The other hazard is thieves. Come nightfall the cattle trot home down a one-cow wide lane and are locked into a low-roof stable next to the family’s little house deep in a kampong. Every night they’re given a swill of fermented soybeans. Bells hanging on the bamboo gate are a burglar alert.
“My father was a farmer, but I don’t want my three children to follow me,” Samian said. “I like the outdoor life but there’s no future. I think my sons will have to join the army.
“We have to rely on my wife Suliati selling vegetables for our daily income. Once a year I can sell a yearling for about Rp 10 million (US $1,100) – that’s all the money we get.”

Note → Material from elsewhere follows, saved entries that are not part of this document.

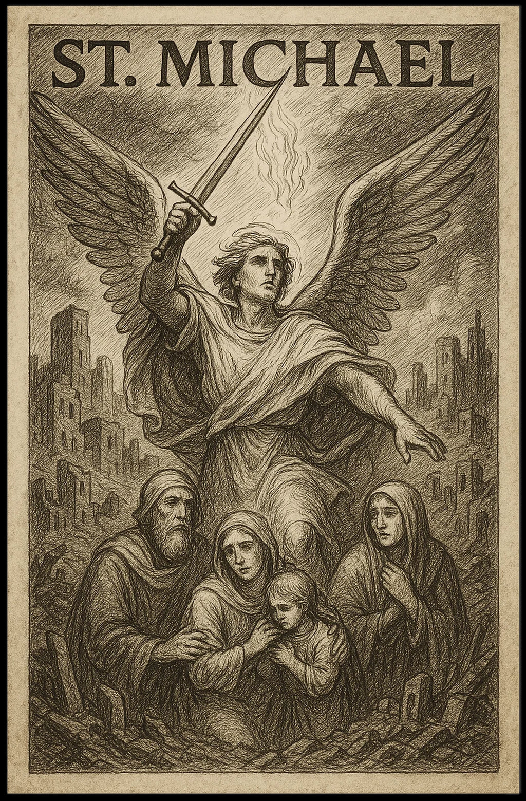 Detailed design highlighting St. Michael's guardian stance and radiant aura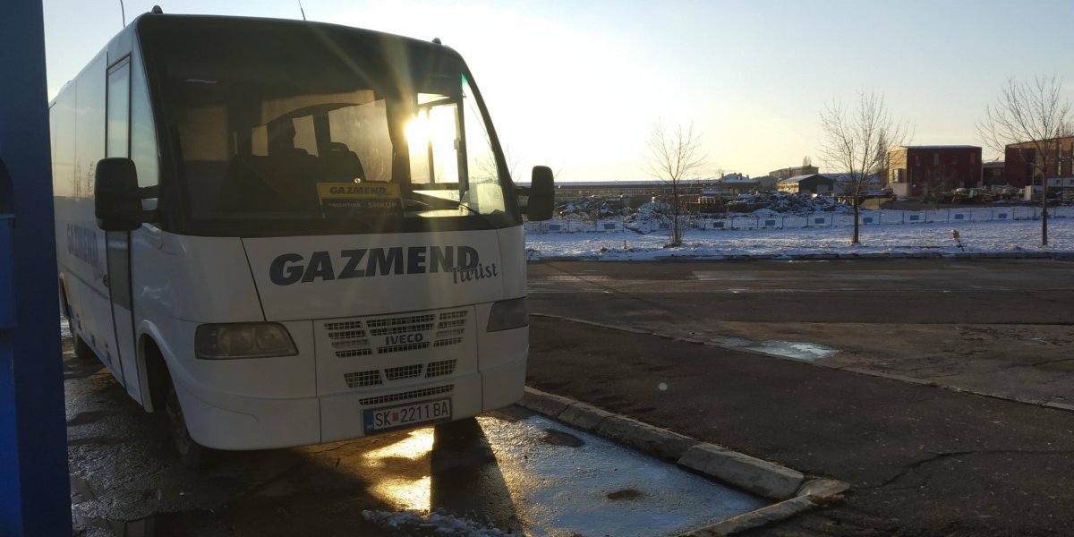 Pro návrat do Skopje jsme využili spoje v 17:00, který provozuje společnost Gazmend Turist. Opět se jednalo o minibus, tentokrát, alespoň podle nápisu, od výrobce Iveco. Co to je přesněji se ale určit neodvážím. Také nutno poznamenat, že tentokrát vypadal minibus v mnohem lepším stavu, kromě faktu, že z jeho hlučnosti mě na konci cesty začínala bolet hlava.
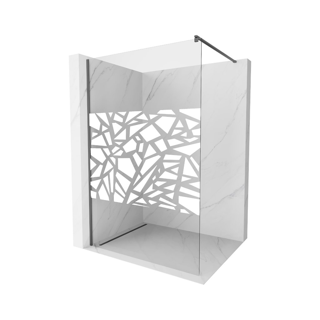 Mexen Kioto, sprchová zástena Walk-In 110 x 200 cm, 8mm číre sklo biely vzor, grafitový profil, 800-110-101-95-85

Someday soon the pernickety new arrivals will finally reckon that sharing their space with dung-splashed cows is incompatible with an upmarket lifestyle.
Then the Sawojajar cowboy will be in search of pastures new – should any remain. If this story was a cigarette commercial he’d be astride a roan stallion clip-clopping into a shimmering sunset of a thousand empty acres, as great as all outdoors.
But because this is a slice of real Indonesian life the singing cowboy will shuffle into the smoke of a thousand exhausts in his flip flops, fenced out by builders’ scaffolding, farewelled by the fist-waving urbanites’ security guards.
So closes another chapter in the story of Indonesian rural development.